WORK REQUIRED —
What is needed is an exact repetition of the lines from the first one in the data through the line with "根据学校党委对巡察工作的统一", with no pictures.

[INPUT DATA Boundary: Start]

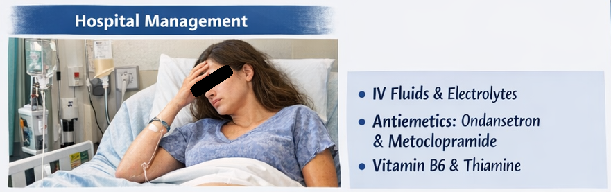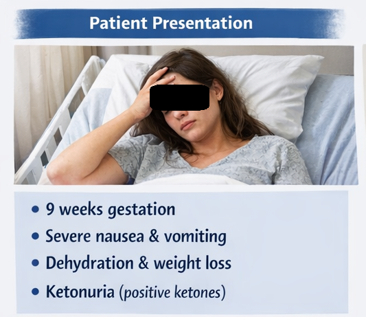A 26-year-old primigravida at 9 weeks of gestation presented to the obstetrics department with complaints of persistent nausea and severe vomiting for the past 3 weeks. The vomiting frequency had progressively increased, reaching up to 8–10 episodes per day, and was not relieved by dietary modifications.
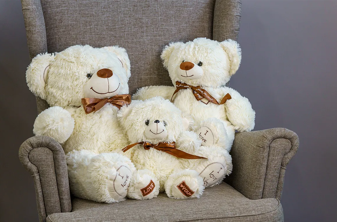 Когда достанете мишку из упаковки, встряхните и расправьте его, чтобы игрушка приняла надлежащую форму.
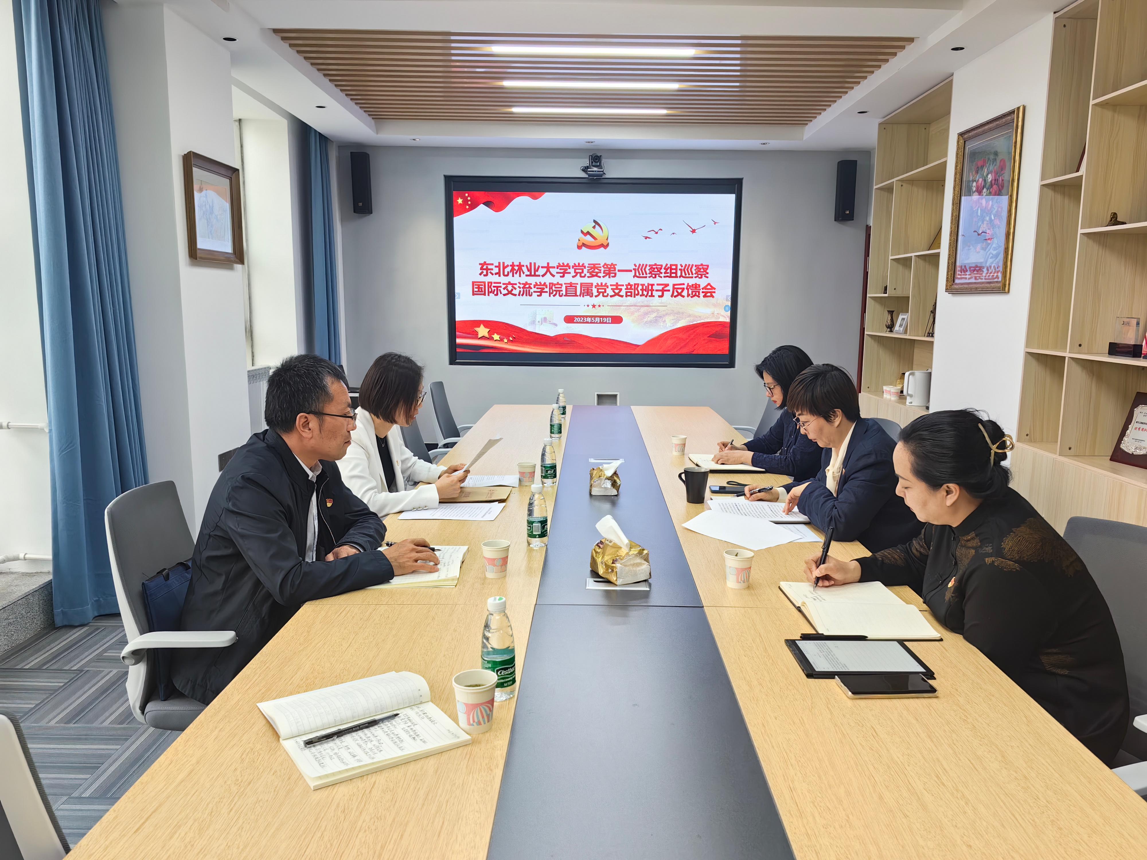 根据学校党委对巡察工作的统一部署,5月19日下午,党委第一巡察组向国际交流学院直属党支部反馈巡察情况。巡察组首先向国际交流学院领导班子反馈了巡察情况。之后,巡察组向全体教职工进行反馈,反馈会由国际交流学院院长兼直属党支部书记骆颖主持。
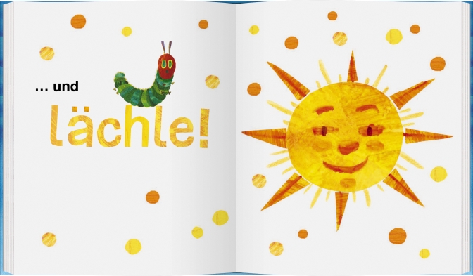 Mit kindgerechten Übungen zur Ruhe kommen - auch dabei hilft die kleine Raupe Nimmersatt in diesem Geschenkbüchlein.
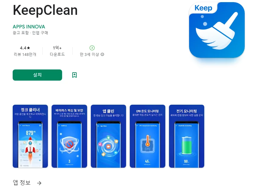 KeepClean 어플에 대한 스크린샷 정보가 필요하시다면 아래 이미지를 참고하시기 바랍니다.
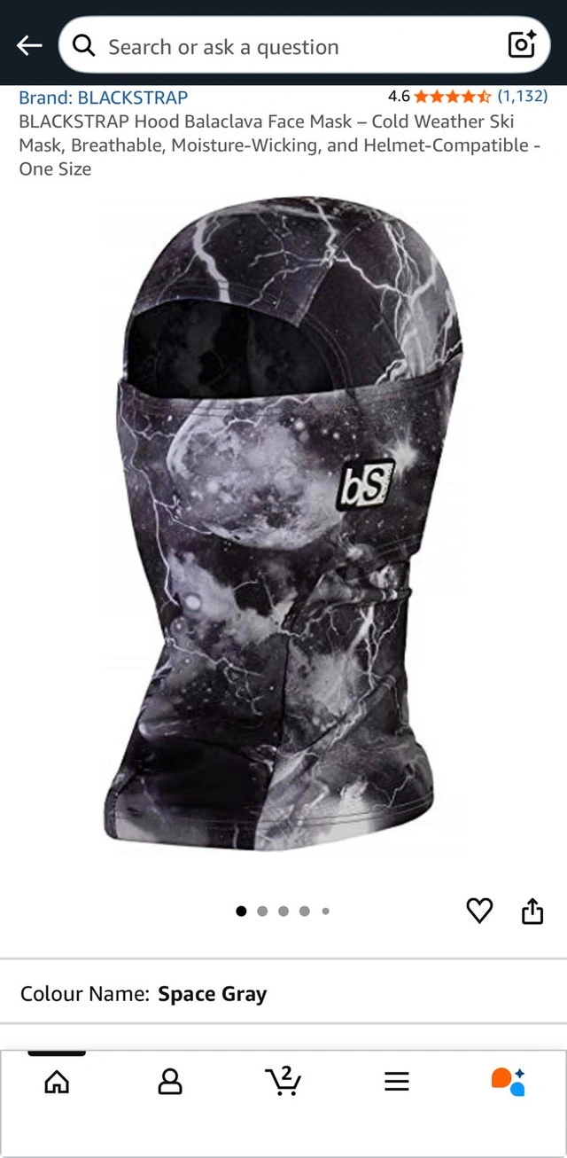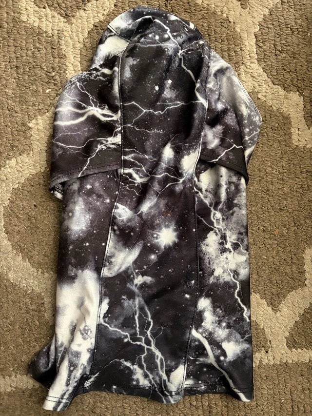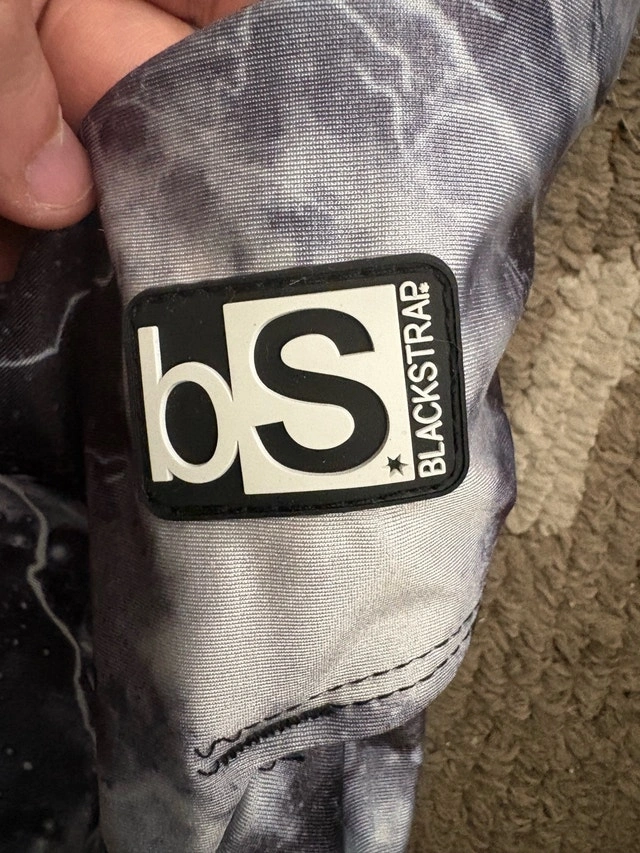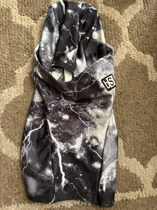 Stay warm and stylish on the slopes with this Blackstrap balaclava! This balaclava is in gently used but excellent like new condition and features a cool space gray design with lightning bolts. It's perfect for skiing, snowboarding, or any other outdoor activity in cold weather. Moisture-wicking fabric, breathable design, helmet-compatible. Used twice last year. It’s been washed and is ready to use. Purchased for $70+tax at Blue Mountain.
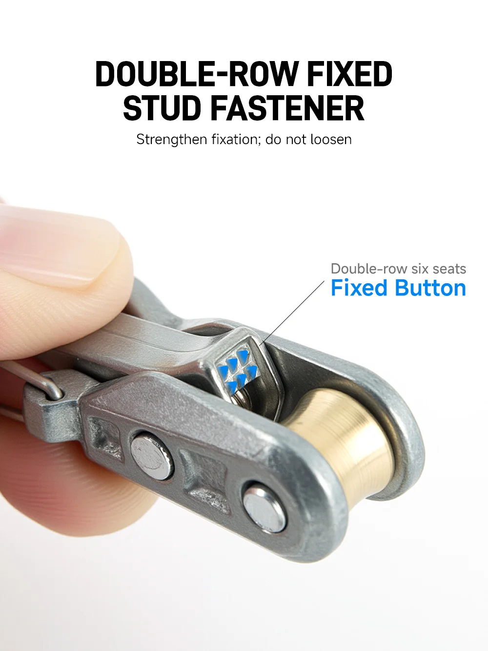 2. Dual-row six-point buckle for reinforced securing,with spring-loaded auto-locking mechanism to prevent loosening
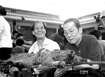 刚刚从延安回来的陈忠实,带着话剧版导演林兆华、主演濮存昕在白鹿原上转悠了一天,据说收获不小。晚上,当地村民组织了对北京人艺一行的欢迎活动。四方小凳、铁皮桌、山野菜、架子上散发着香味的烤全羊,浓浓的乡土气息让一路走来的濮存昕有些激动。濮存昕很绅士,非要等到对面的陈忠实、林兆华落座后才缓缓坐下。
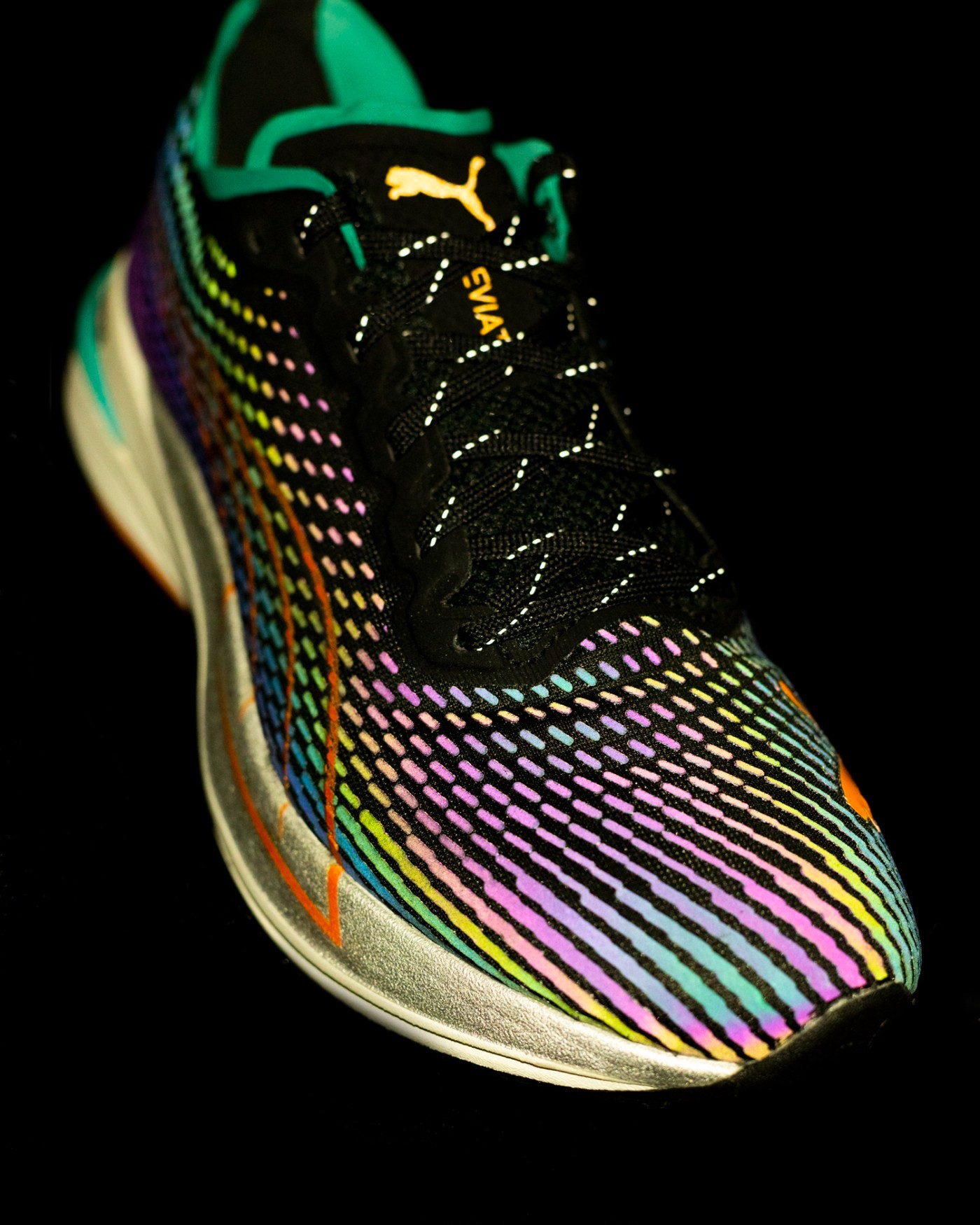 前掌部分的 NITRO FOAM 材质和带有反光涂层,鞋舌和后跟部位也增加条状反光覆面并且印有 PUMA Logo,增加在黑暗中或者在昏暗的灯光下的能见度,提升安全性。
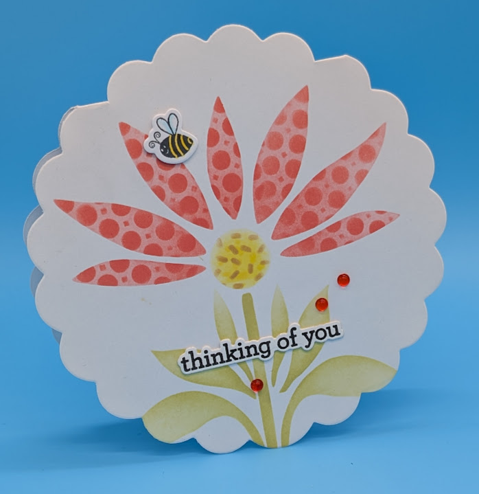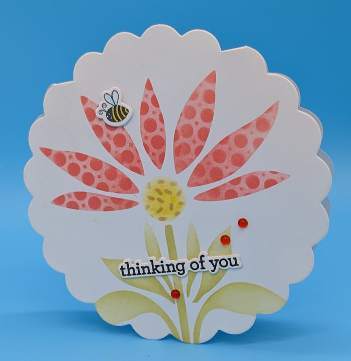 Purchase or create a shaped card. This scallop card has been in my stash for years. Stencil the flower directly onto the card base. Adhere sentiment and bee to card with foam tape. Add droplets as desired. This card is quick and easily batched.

[INPUT DATA Boundary: End]

RESULT OF THE EXERCISE —
A 26-year-old primigravida at 9 weeks of gestation presented to the obstetrics department with complaints of persistent nausea and severe vomiting for the past 3 weeks. The vomiting frequency had progressively increased, reaching up to 8–10 episodes per day, and was not relieved by dietary modifications.
 Когда достанете мишку из упаковки, встряхните и расправьте его, чтобы игрушка приняла надлежащую форму.
 根据学校党委对巡察工作的统一部署,5月19日下午,党委第一巡察组向国际交流学院直属党支部反馈巡察情况。巡察组首先向国际交流学院领导班子反馈了巡察情况。之后,巡察组向全体教职工进行反馈,反馈会由国际交流学院院长兼直属党支部书记骆颖主持。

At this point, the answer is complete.